- Pronunciation: [tə˧˩ɻuŋ˥˧ kət˥]
- Native to: China
- Region: Yunnan, Tibet
- Ethnicity: Anu (northern Anung) of Nu nationality Derung people
- Native speakers: (10,000 cited 2000–2013)
- Language family: Sino-Tibetan Tibeto-BurmanNungishDrung; ; ;
- Dialects: Dulong River; Nu River;
- Writing system: Latin script

Language codes
- ISO 639-3: duu
- Glottolog: drun1238 Drung
- ELP: Drung

= Derung language =

Sino-Tibetan language of Southwest China

Dulong (独龙语 (獨龍語, Dúlóng)) or Drung, Derung, Rawang, or Trung, is a Sino-Tibetan language in China. Dulong is closely related to the Rawang language of Myanmar (Burma). Although almost all ethnic Derung people speak the language to some degree, most are multilingual, also speaking Burmese, Lisu, and Mandarin Chinese except for a few very elderly people.
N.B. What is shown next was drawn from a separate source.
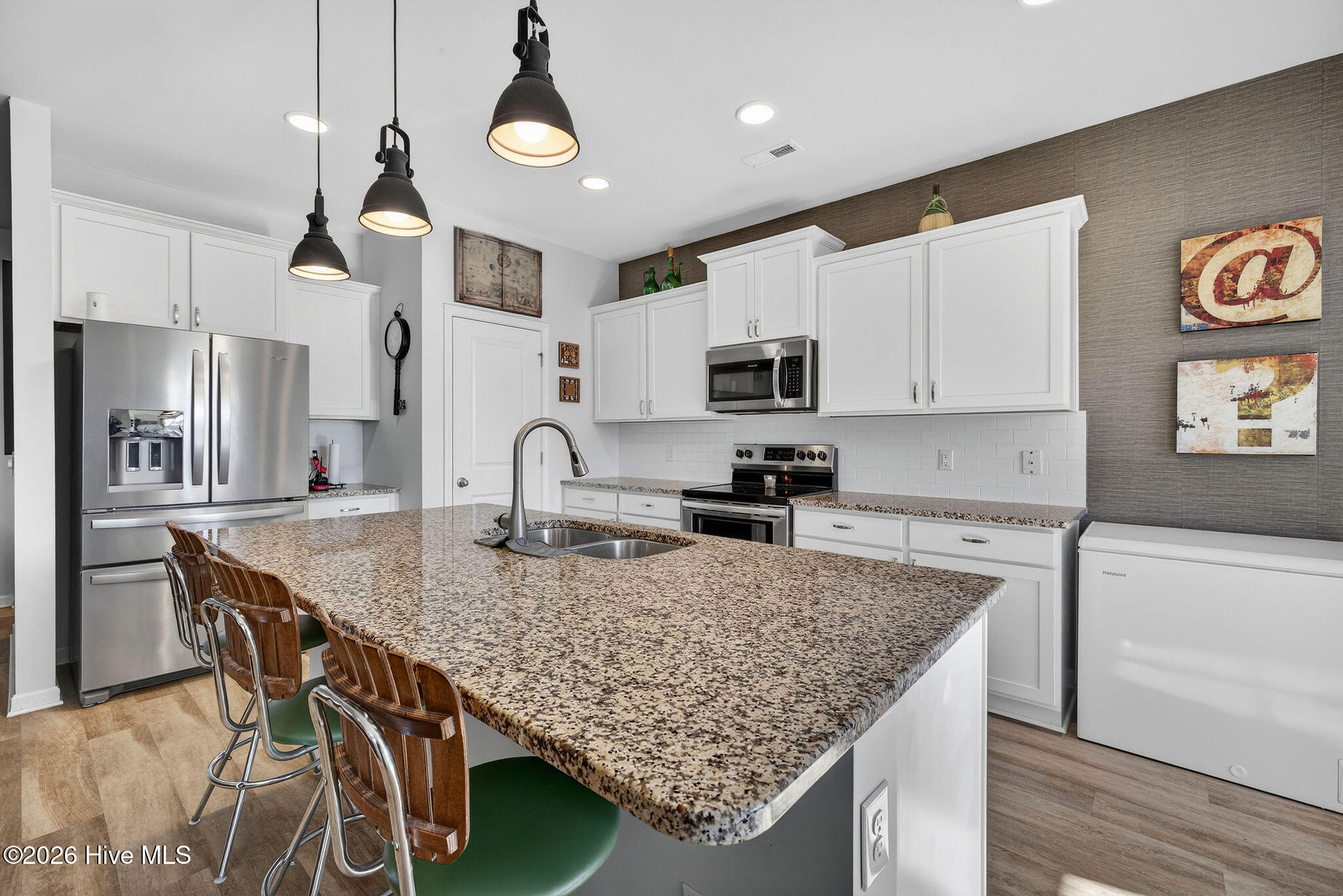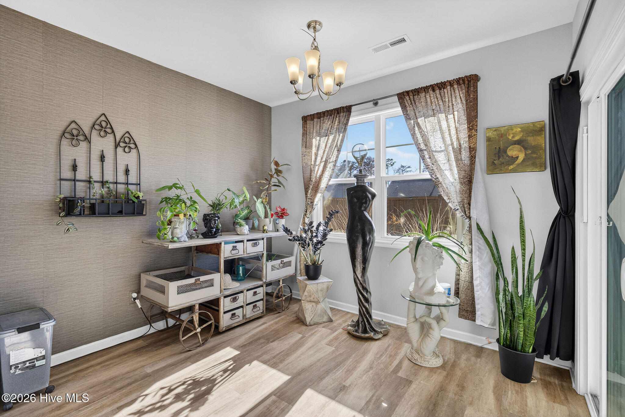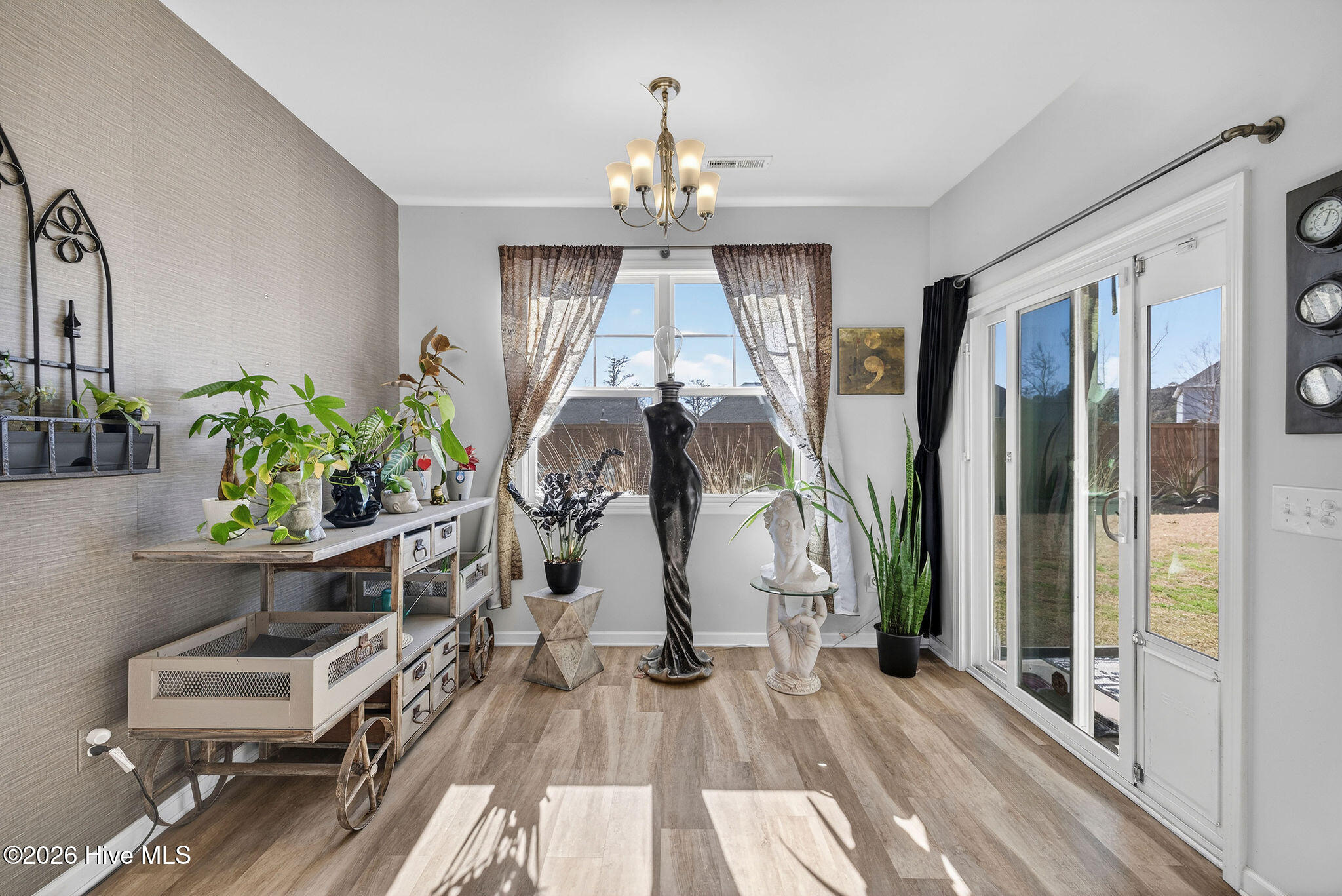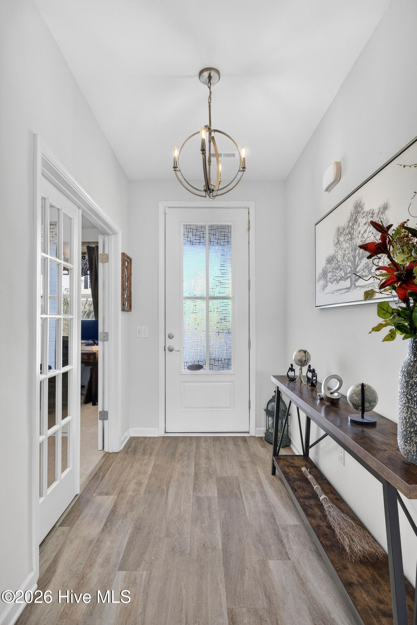 Welcome to your new home, tucked away in one of Leland's sought after communities, Hawkeswater at the River! This beautiful home is all on one level, offering 3 bedrooms and 2 bathrooms, and a flex room. The current owners use the flex room as an office but would also be perfect for a playroom, hobby/craft or reading room! Next you will find the spacious living room with sprawling 9 foot ceilings to be a great gathering space with a fireplace and built in bookshelves. The family cook won't miss a thing because of the home's open concept! The kitchen boasts granite countertops, a ''water drop'' filtration system, pantry, and an island large enough to seat four! The kitchen also has space for a dining table, or perhaps cozy seating to enjoy your morning coffee, overlooking the private yard. With the amount of gorgeous daylight this room receives, any plant enthusiast will be pleased! The primary bedroom is conveniently located off the living room, yet separated from the other bedrooms providing added privacy. The large walk in closet has a stylish sliding barn door. The primary en-suite bath features dual vanities and a spacious walk-in shower. Once you step outside, you'll immediately notice the private, serene fenced backyard. Additionally, just behind the privacy fence is an HOA green space, where you can meet the neighbors! The CPI system will remain, but new owners will need to connect for service. The community has resort style amenities including a sparkling pool, clubhouse, fitness center, and walking trails including a boardwalk leading to a riverfront gazebo. Take advantage of the private community dock with day slips for residents on the Brunswick River. The Belville Riverwalk Park is just a short walk away! You'll enjoy picnic areas, a playground, festivals and gorgeous river views! This community is convenient to the Wilmington Riverwalk, area beaches and so much more! Make your appt to see this home today!

Dulong is also called: Taron, Kiu, Qui, Kiutze, Qiuzi, Kiupa, Kiao, Metu, Melam, Tamalu, Tukiumu, Qiu, Nung, Nu-tzŭ.

==Classification==
Dulong belongs to the Nungish language family of the Central Tibeto-Burman branch of the Tibeto-Burman branch of the Sino-Tibetan language family. The other two languages in the same family are Anong and Rawang.

==History==
Dulong/Rawang is a Tibeto-Burman language cluster spoken on both sides of the China/Myanmar border just south and east of Tibet. Within Myanmar, the people who speak the Dulong language (possibly up to 100,000 people) live in northern Kachin State, particularly along the Mae Hka ('Nmai Hka) and Mali Hka (Mali Hka) River valleys. In the past, they had been called 'Hkanung' or 'Nung', and have often been considered to be a subgroup of the Kachin (Jinghpaw). Around 1950, speakers of this language in Myanmar began a movement to use the name /rəwɑŋ/ (spelled 'Rvwang' in the Rawang orthographies) to represent all of its speakers. The speakers in China, though, continue to use the name 'Dulong'.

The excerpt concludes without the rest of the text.